Introducing Native Web. It brings all the basic features you’ll need, reduces boilerplate code and simplifies the use of Web Components. All in the smallest footprint possible. It’s the minimum viable library.

1kB gzipped

Start

All it takes is one command to get started. It initializes a starter with build tools and base files. It uses the extremely fast bundler, esbuild. But of course, you can also add it to an existing project by importing it from npm.

npm init nativeweb

Decorators

At its core, Native Web uses decorators. It’s an upcoming JavaScript spec that can be used right now with Babel’s decorators proposal. You’ll need it in your project, but it’s already included in the starter. With Babel included, you also have the benefit of being able to use the latest JavaScript syntax and any other proposals.

Features

The decorators in Native Web simplifies component definition, adding styles, attribute properties, event listeners, custom external events and query selectors.

Events

The @event decorator is particularly interesting because it enables multiple features and is different than what you generally see. Events are easily visible at the top of your component. Not scattered everywhere in your “HTML” like we generally see these days. They can be component events, child element events and external component events. They reduce duplication. Instead of inlining the event name and function on every element that needs it, Native Web uses a simple tag @name to link the event to the declaration at the top, and they’re grouped by event type.

External events

The @customEvent decorator creates namespaced global events. You can listen to other components dispatched custom events by specifying the component name in the event decorator. These events are automatically destroyed when the component is disconnected.

Styles

Styles can live within your component file or in an external .css.js file. They are shared between component instances with Constructable Stylesheets. It can be a single tagged template literal or an array of them to import global styles and settings. Postcss is included in the starter to enable the latest and future CSS specs, like nesting and custom media.

Diffing

One thing that is not included in Native Web is some kind of virtual DOM or diffing. It can be helpful for an app where multiple parts need updating on state changes. But for most websites, it adds a lot of weight for not much use. It’s also a completely different mental model to learn and apply across your site. It can add complexity when you don’t need it.
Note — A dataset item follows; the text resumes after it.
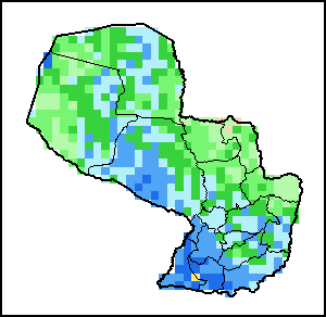 Los mapas y gráficos nacionales representan el último periodo de 36 meses de los indicadores estacionales, de vegetación y de precipitación. Los datos se presentan por periodos de 10 días y por meses. Los tres indicadores de vegetación se basan en datos de vegetación registrados cada diez días por el sensor METOP-AVHRR con una resolución de 1km (2007 y posterior). Los datos con una resolución de 1km del período 1984-2006 se extrapolaron a partir del conjunto de datos NOAA-AVHRR con 16km de resolución. Las estimaciones de precipitación de todos los países africanos (excepto Cabo Verde y Mauricio) se obtienen de NOAA/FEWSNet (16km de resolución), mientras que para los restantes países los datos se obtienen Centro Europeo de Predicción Meteorológica a Plazo Medio (ECMWF siglas en Inglés, 25km de resolución). Debido a la mayor resolución de los indicadores de vegetación (p.ej., NDVI, VHI) en comparación con los indicadores de precipitación de resolución más gruesa, el número de unidades subnacionales para las que se pueden generar estadísticas zonales válidas para los índices de vegetación es mayor que el número de unidades para los indicadores de precipitación en algunos países.
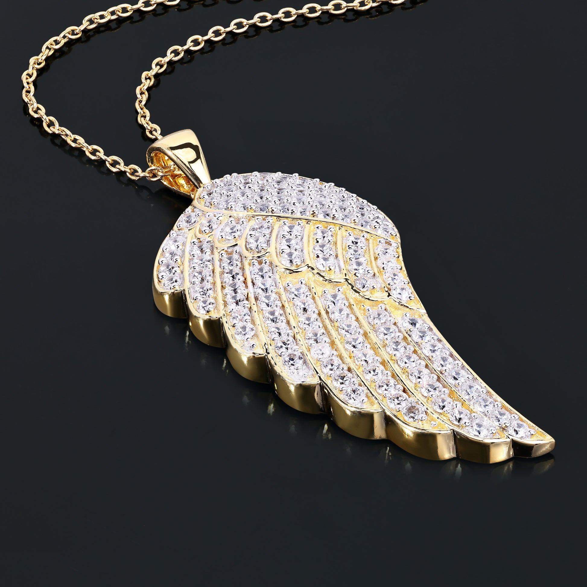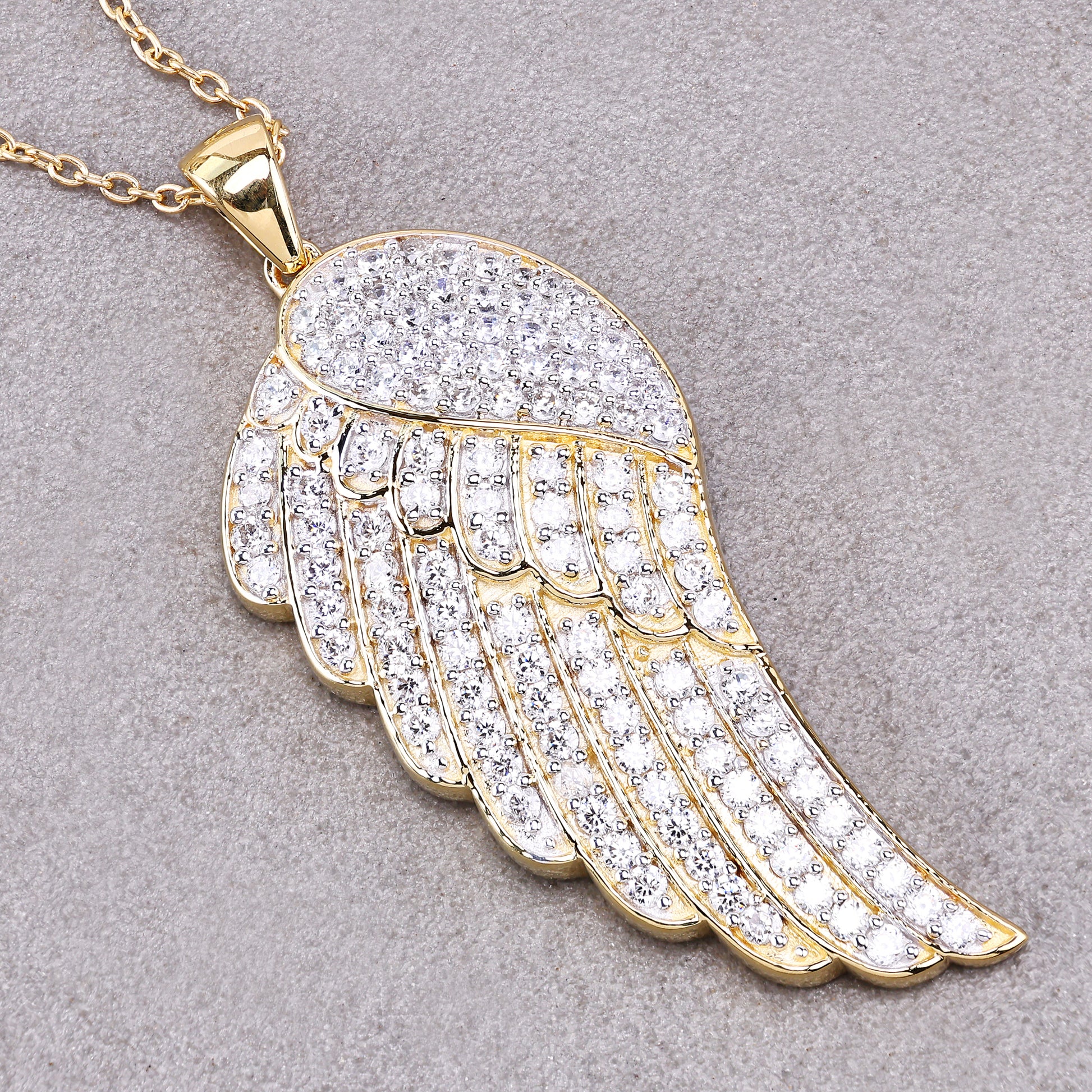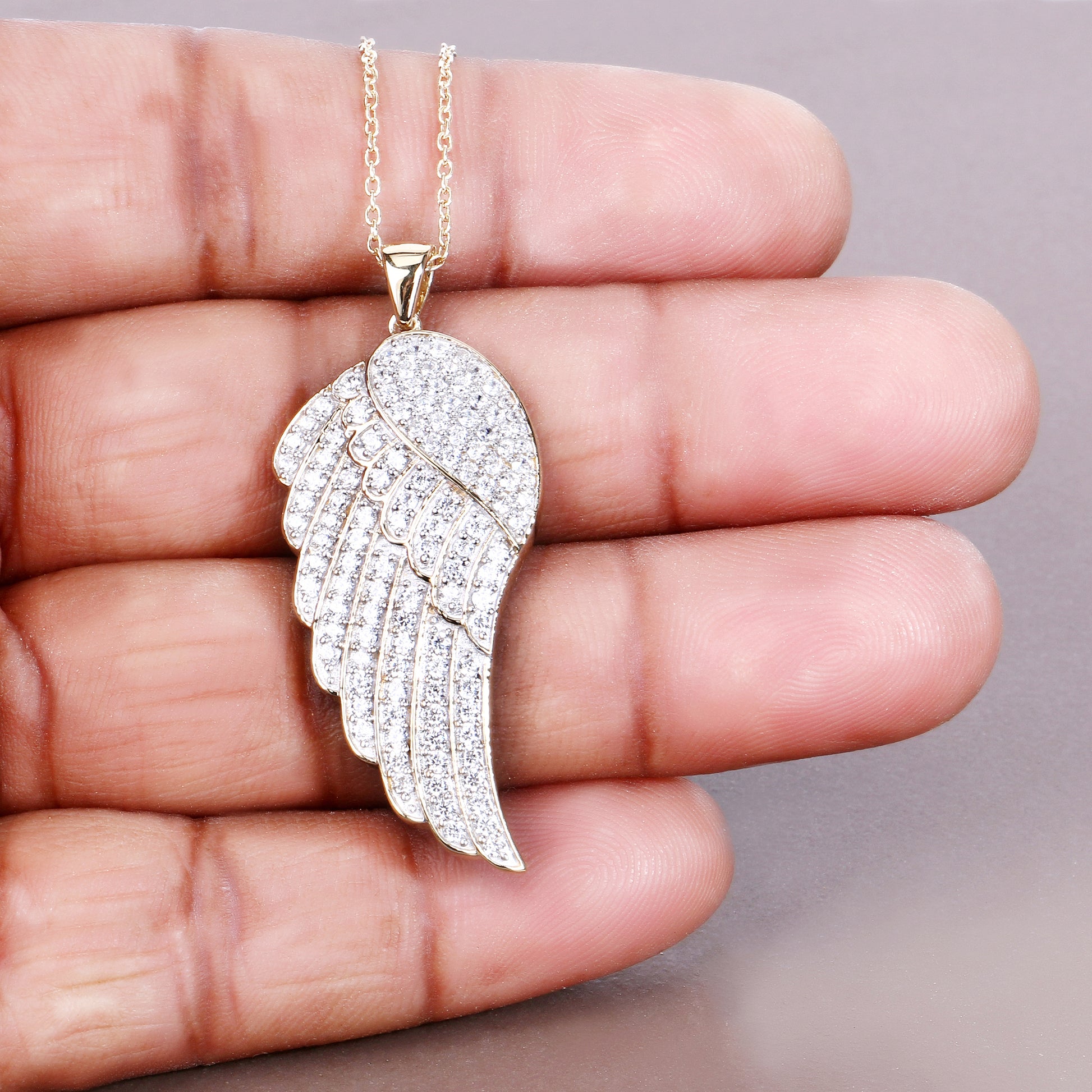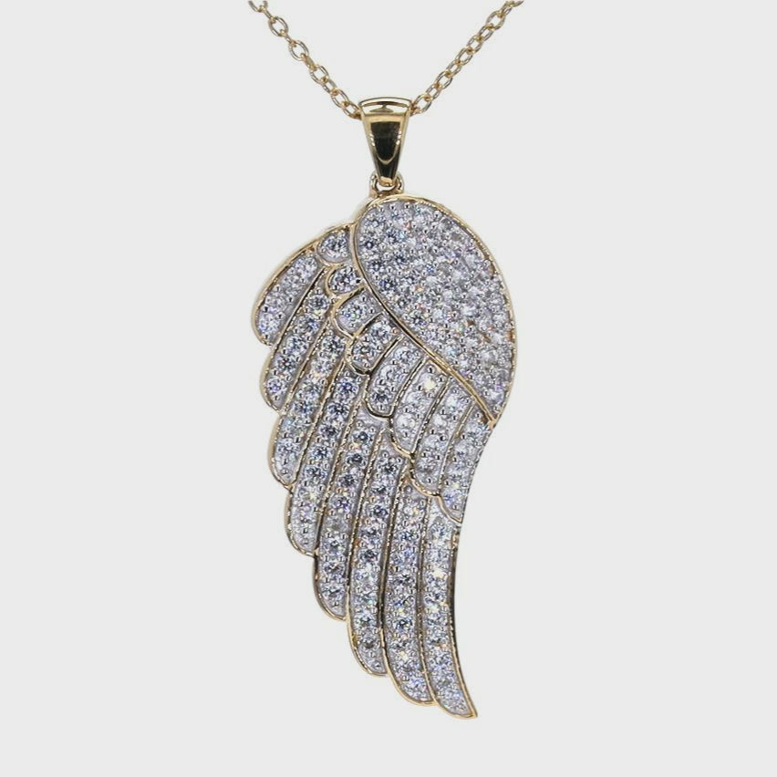 The delicate VVS diamond simulant rounds are set along the wing, offering a brilliant sparkle that enhances the pendant's luxurious look. Hanging from an 18-inch chain, this piece is ideal for both casual and formal wear, adding a graceful, elegant accent to any outfit. Whether you're treating yourself or gifting a loved one, this angel wing pendant is a timeless symbol of love and care.

With Native Web, you simply have query selectors scoped to your components and global namespaced events.

Lifecycle

One similar thing you can do natively with Web Components is to watch for attribute changes. You can update parts of your component or rerender it completely with this.update(). In Native Web, all Web Components lifecycle methods can be used without the word callback in the name and without the need of super. For simplicity’s sake.

Next

This is only the first version of the library and the starter. There is much more to come. Next will be styleless base components. Stay tuned. In all, the goal is to release a complete toolbox of simple tools for building fast websites.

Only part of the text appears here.